Exercise goal → Go through the listing below and repeat it exactly, omitting each picture.

Material provided →
-=-=-=-=-

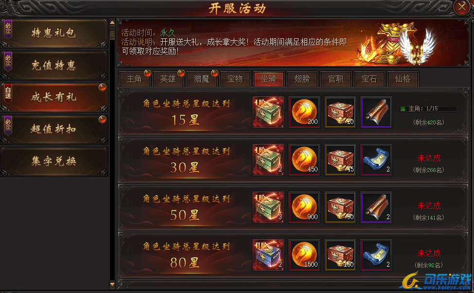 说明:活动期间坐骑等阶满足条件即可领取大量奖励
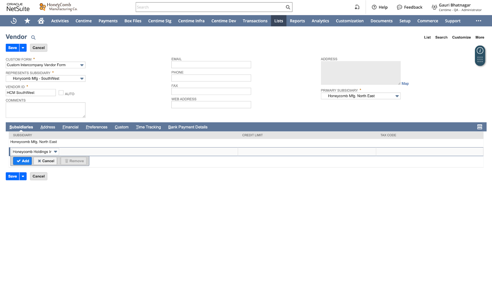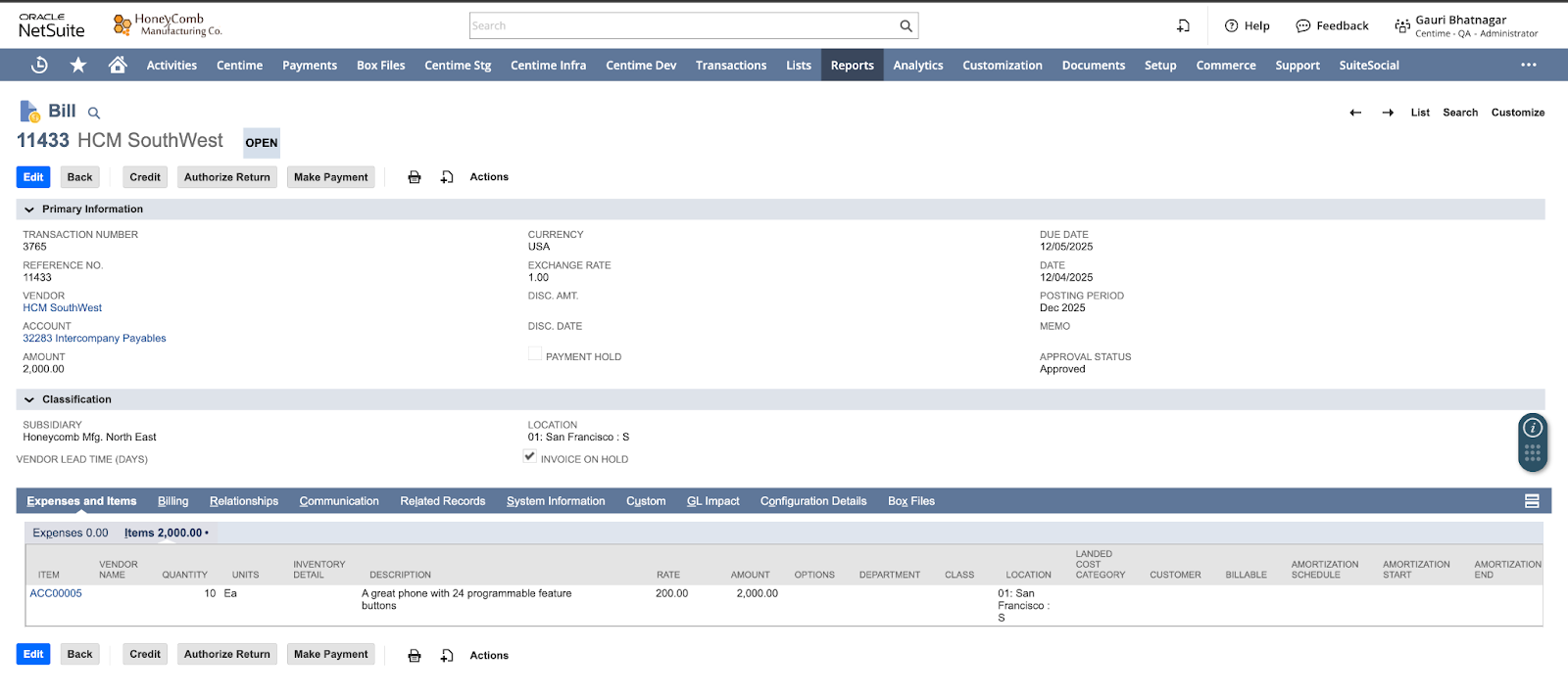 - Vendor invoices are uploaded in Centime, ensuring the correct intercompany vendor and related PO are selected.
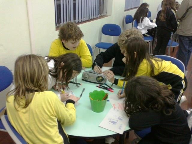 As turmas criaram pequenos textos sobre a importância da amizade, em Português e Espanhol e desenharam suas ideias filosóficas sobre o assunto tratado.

-=-=-=-=-

Answer space →
 说明:活动期间坐骑等阶满足条件即可领取大量奖励
 - Vendor invoices are uploaded in Centime, ensuring the correct intercompany vendor and related PO are selected.
 As turmas criaram pequenos textos sobre a importância da amizade, em Português e Espanhol e desenharam suas ideias filosóficas sobre o assunto tratado.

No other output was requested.